The MFA’s small show, Seeking Shambhala, is a quiet treasure chest opened up in a corner gallery of the Asian Wing. With a mythical utopian location at the heart of the exhibit, Shambhala (or as it is sometimes referenced in the West, Shangri-La) offers an open invitation to blend both the ancient and the contemporary. An exquisite collection of thangkas (gifted to the MFA in 1906) is combined with Buddhist objects as well as compelling works by two present-day artists, Gonkar Gyatso from Tibet and Tadanori Yokoo from Japan.

From Sebastian Smee‘s review in the Boston Globe:

Is it a real place? A mere state of mind? No one can say. It’s a riddle wrapped in a mystery inside I forget precisely what. The word derives from the Sanskrit, meaning “bliss arising,” or, less rousingly, “source of happiness…” Real or unreal, Shambhala has been described as a kingdom in Central Asia, obscured by a ring of snow-covered mountains and enveloped in fog, ruled by a succession of 32 kings…

The thangkas (there are nearly two dozen of them) are the beating heart of the exhibition; you could spend all your time with them alone. They’re magnificent—at once deliriously decorative, dauntingly potent, and laden with arcane symbolism…They make up one of the largest suites of paintings of the 32 kings of Shambala outside of Asia. And they have been lovingly restored for the occasion: Four MFA conservators…reportedly spent 4,000 hours on the job—removing them from old mounts, retouching faded areas, and adding silk borders, veils, and streamers.

The old is put in high contrast to the new. A series of silkscreens, called Shambala, were created by Yokoo in the 1970’s. They came into existence during a critical period in the artist’s spiritual journey when a monk came to him in a dream and spoke of the “King of Shambhala.” That mystical connection seems very fitting for the spirit of this show.

Gonkar Gyatso’s contemporary piece, “Shambhala in Modern Times,” offers another view from a different angle. His seated Buddha is haloed in the detritus of our noisy commercial world—throwaway images, logos, clippings, advertisements. From a distance it is a luminous and sacral portrait; it is only when you look closely that the nature of the elements making up the image are revealed.

The setting of this show is also in keeping with a spirit of the illusive and ethereal.
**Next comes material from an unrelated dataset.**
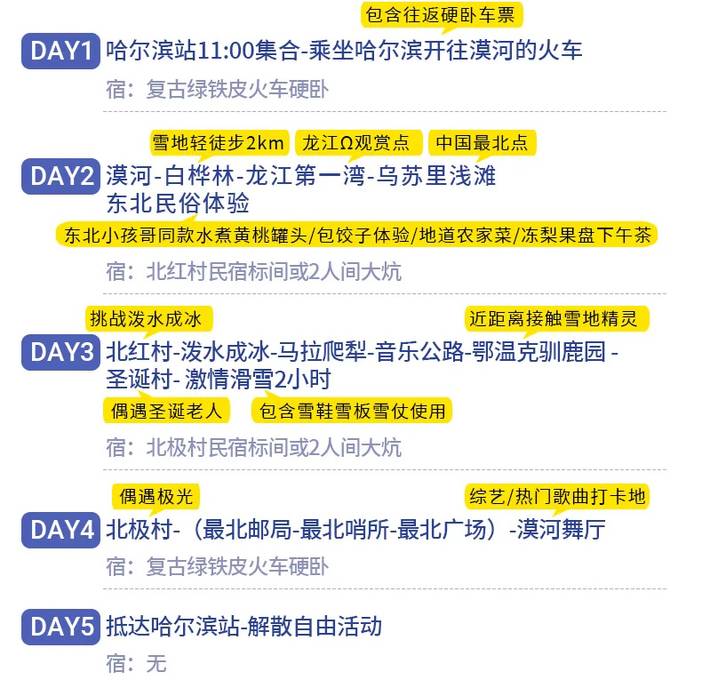 D5 | 第5天,哈尔滨站解散-全国各地 | |
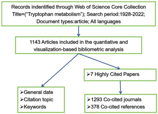 The term “tryptophan metabolism” as a title was searched in the Web of Science Core Collection database (WOS) until 7 July 2023. Articles up to 31 December 2022 were refined and used for scientometric analysis. The downloaded contents include 1143 articles, 7 highly cited articles, and their 378 references and 1293 citations. The methodology for retrieving and gathering data is illustrated in Figure 1. The record contents contain full records and cited references in plain text file format.

Walking to the exhibit takes you through quiet galleries of ancient sculptures and meticulously detailed woodcuts. The show itself hangs in the foyer leading into the darkened space that is the Buddhist Temple Room, a space that holds its worthy silence with gravitas. Worthy of more visits, the show is up through September 30.


Gyatso’s Shambhala in Modern Times


Close up of Gyatso’s Shambhala


Another close up of Gyatso’s Shambhala


From Tadanori Yokoo’s series, Shambala


Sammy Tunis as Ada Lovelace in Futurity (Photo: Evgenia Eliseeva/Boston Globe)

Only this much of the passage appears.